MEDITAZIONE Card. JEAN-MARIE LUSTIGER"Io sono la via, la verità, e la vita"
MEDITAZIONE
"Io sono la via, la verità, e la vita" (Gv 14,6), ci dice Gesù. Se
riflettiamo sulla portata prodigiosa di questa affermazione, possiamo
essere tentati, in un primo momento, di indietreggiare davanti ad essa,
avendo scoperto la relatività di ciò a cui si crede e delle convinzioni
religiose degli uomini.
Quanti nostri contemporanei, usciti dall'universo limitato della loro
educazione, hanno incontrato nel mondo altre culture, altre civiltà,
altri itinerari spirituali orientali e occidentali e si interrogano: "Le
parole di Gesù non sono forse fonte di una presunzione insopportabile,
quella dei cristiani che osano affermare come un assoluto la loro fede
in Cristo?". Non dobbiamo forse considerare queste parole in modo
relativo ed accettare che per altri uomini, in altre religioni, esse
trovino degli equivalenti?
Ecco uno dei primi dubbi che assalgono l'uomo i cui occhi sono aperti sul
nostro mondo.
All'opposto, nel corso della storia si ripetono costantemente caricature
paurose: alcuni popoli si impadroniscono del cristianesimo e
dell'appellativo "cattolico" per farne una loro proprietà, al punto di
ridurre la religione di Cristo all'espressione della loro sacralità. Essi
considerano la loro identità nazionale o etnica come sacra e mettono la
croce di Cristo al servizio dell'adorazione di se stessi, perfino della
loro volontà di dominare.
Quale orribile caricatura dell'"elezione", cioè della scelta volontaria
fatta da Dio per un uomo, per un popolo, per Cristo e la sua Chiesa!

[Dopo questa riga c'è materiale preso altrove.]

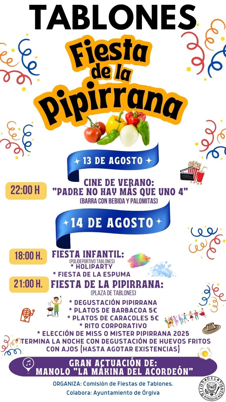 Tablones volverá a llenarse de color, música y sabor con la celebración de su esperada Fiesta de la Pipirrana, organizada por la Comisión de Fiestas de Tablones con la colaboración del Ayuntamiento de Órgiva.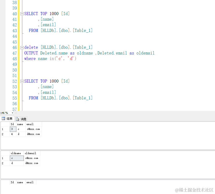 OUTPUT Deleted.name as oldname ,Deleted.email as oldemail

Nessun gruppo di uomini può pretendere di monopolizzare Cristo in questo
mondo. Quando egli ci rivela: "Io sono la via, la verità, la vita", è per
farci partecipare alla sua condizione divina di redentore di tutti gli
uomini.
Infatti, è Cristo che sceglie la sua Chiesa e il suo popolo; è Cristo che
pone il suo marchio per riconoscere coloro che hanno ricevuto la missione
di essere la presenza e il segno del suo amore in questo mondo. E non
l'orgoglio dell'uomo che si appropria di Cristo, Dio fatto uomo, per
farne l'oggetto sacro della sua società, del suo gruppo nazionale.
Nel corso delle sue visite pastorali, il Papa ha così ricordato alcune
disavventure dell'Occidente. In Germania, con coraggio e con una
singolare lucidità cristiana, che lezione per noi tutti! Egli ha evocato
la terribile apostasia che consiste nello stravolgere la fede in Gesù
Cristo e le parole delle Scritture, il significato stesso dell'elezione
per asservirli ad un'ambizione nazionale, una razza, un sangue. I soldati
portavano scritto sui loro cinturoni: "Dio è con noi". Blasfemo, e
altrettanto idolatrico di tutti i blasfemi che fanno tremare l'autore
dell'Apocalisse davanti alla bestia rivestita dei segni di Dio per
usurpare la potenza divina. Cattolici, miei fratelli, guardatevi dal
pensare che questa tentazione sia stata allontanata per sempre.
Davanti all'affermazione dell'assoluto di Cristo, noi possiamo dunque
provare turbamento ed esitazione: o per scetticismo (il cristianesimo
appare una forma, tra le altre, dell'esperienza religiosa) o per volontà
di potenza (la fede di Cristo viene ridotta ad una identità culturale o
nazionale).
Le nostre società non possono dunque che oscillare tra scetticismo e
fanatismo, tra la relativizzazione della fede cristiana e la sua
affermazione umana ed etnica?
Che cosa ne è dunque delle parole di Cristo, nelle nostre civiltà così
spesso senza radici e abitate da tante contraddizioni e tanto odio?
Ascoltate queste parole di Gesù. Egli le pronuncia alla vigilia della sua
passione, per i suoi apostoli. Esse ci vengono dette oggi, nella Chiesa,
da Cristo risuscitato, vengono dette a noi che siamo sue membra, a noi
che siamo la sua Chiesa.
"Non siate sconvolti. Non sia turbato il vostro cuore". La chiamata di
Cristo mette in una situazione ben precisa noi suoi discepoli: ciò che
ci riunisce è Cristo stesso, che ci chiama a seguirlo, qualunque sia il
colore della nostra pelle, la nostra origine, la nostra terra.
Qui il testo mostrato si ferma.